→ **Records for this task**

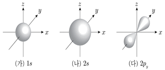 그림은 오비탈 (가)~(다)를 모형으로 나타낸 것이다. 이에 대한 설명으로 옳은 것은?
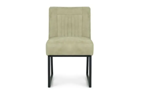 Eetkamerstoel Bullock van het merk Donc is beschikbaar in alle kleuren en in diverse materiaalsoorten zoals stof, kunstleder en rundleder. Deze eetkamerstoel is voorzien van zwart metalen poten, verticale banen in een kader in de rug en heeft geen armleuningen. De Bullock is ook beschikbaar met andere stiksels in de rug en met armleuningen. Deze stoel heeft een simpel, elegant design. Er zit een handgreep op de achterkant van de rugleuning, maar deze kun je ook weglaten.
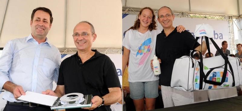 Antes de seus discursos o governador e o secretário foram homenageados por alunas do projeto de inclusão social Campeões de Futuro com camisas, uniformes do projeto. Além disso, a nadadora capixaba Carol Bilich presenteou o governador com um Kit Atleta, que será dado a todos os competidores capixabas, beneficiados com o Bolsa-Atleta Capixaba.
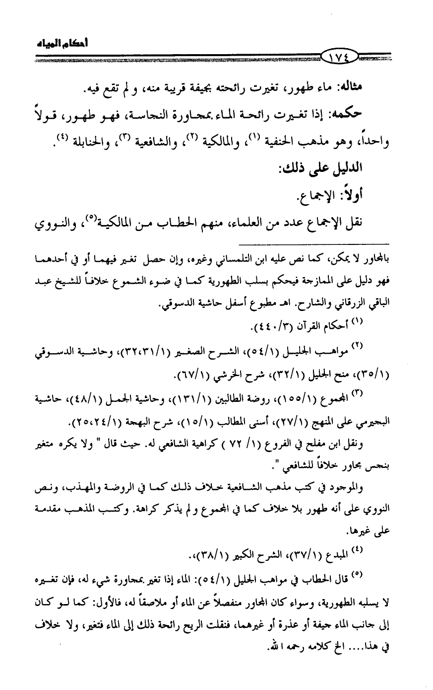 (¬5) قال الحطاب في مواهب الجليل (1/ 54): الماء إذا تغير بمجاورة شيء له، فإن تغيره لا يسلبه الطهورية، وسواء كان المجاور منفصلاً عن الماء أو ملاصقاً له، فالأول: كما لو كان إلى جانب الماء جيفة أو عذرة أو غيرهما، فنقلت الريح رائحة ذلك إلى الماء فتغير، ولا خلاف في هذا .... الخ كلامه رحمه الله.
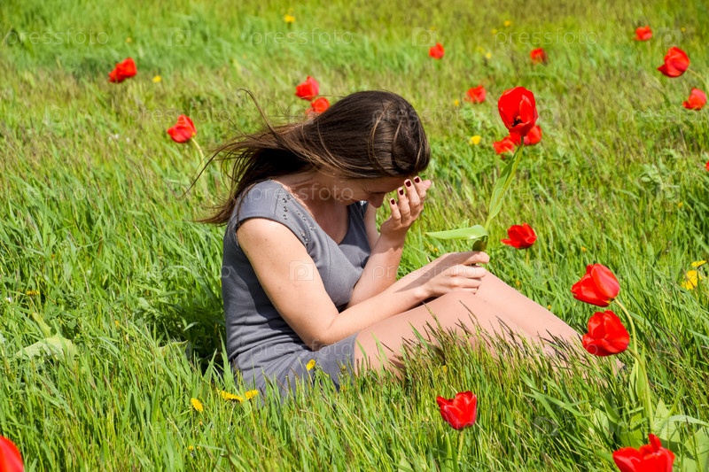 Красивая девушка в поле среди цветов тюльпана
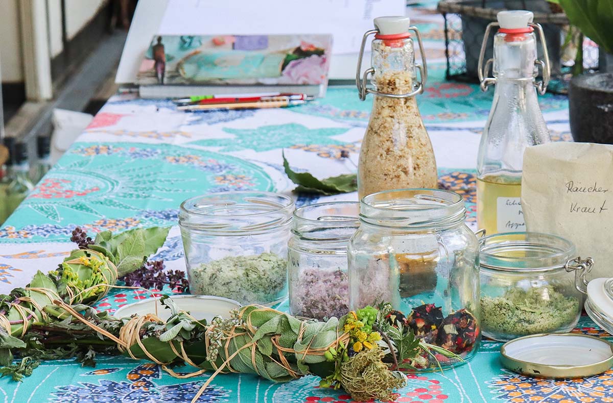 Wird gestellt: Nutzung des Kräutergartens, Räume für die Zubereitung, kleiner vegetarischer Snack, Produkte für die Herstellung von Tinkturen, Heilweinen etc., Skripte und Rezepte vor Ort
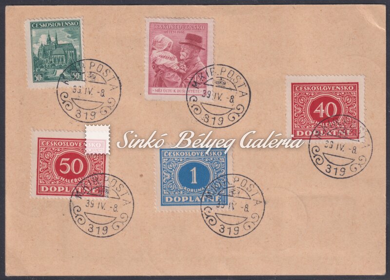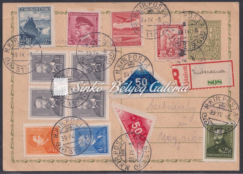 Leírás | 1939.04.08. Ajánlott levél KISBEREZNA-MAGYARÓVÁR között. M. KIR. POSTA/319 kisegítő bélyegzővel 50H Csehszlovák díjjegyesen! / 1939.04.08. Registered letter between KISBEREZNA-MAGYAROVAR. With H. ROY. POST/319 auxiliary cancellation on a 50H Czechoslovakian postal stationery! |
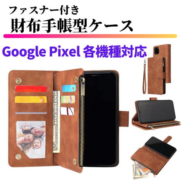 Google Pixel ケース 手帳型 お財布 レザー カードケース ジップファスナー収納付 おしゃれ アイフォン スマホケース 手帳 ブラウン
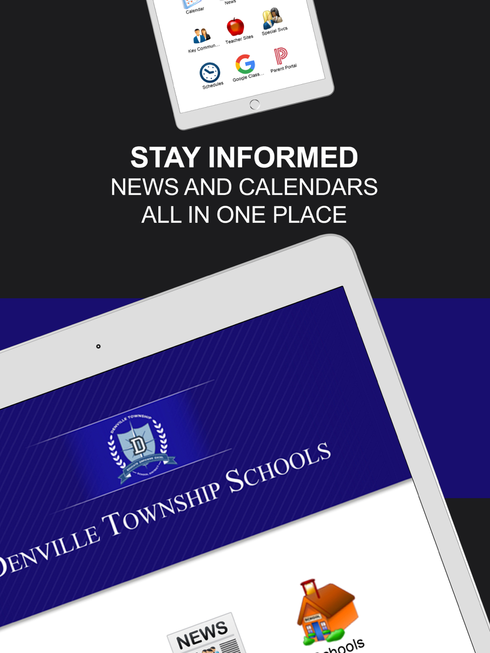 With the Denville Twp Schools mobile app, your school district comes alive with the touch of a button. Easily navigate through current news and events or check out the latest updates with social media like Facebook and Twitter. Quickly retrieve contact information, sporting scores, lunch menus, and more! It’s your school district available at your fingertips.

→ **Brief**
Every line above from the one with "Leírás | 1939.04.08." down to the one with "Google Pixel ケース" must be written out exactly, and no picture may appear.

→ **Answer to the problem**
 Leírás | 1939.04.08. Ajánlott levél KISBEREZNA-MAGYARÓVÁR között. M. KIR. POSTA/319 kisegítő bélyegzővel 50H Csehszlovák díjjegyesen! / 1939.04.08. Registered letter between KISBEREZNA-MAGYAROVAR. With H. ROY. POST/319 auxiliary cancellation on a 50H Czechoslovakian postal stationery! |
 Google Pixel ケース 手帳型 お財布 レザー カードケース ジップファスナー収納付 おしゃれ アイフォン スマホケース 手帳 ブラウン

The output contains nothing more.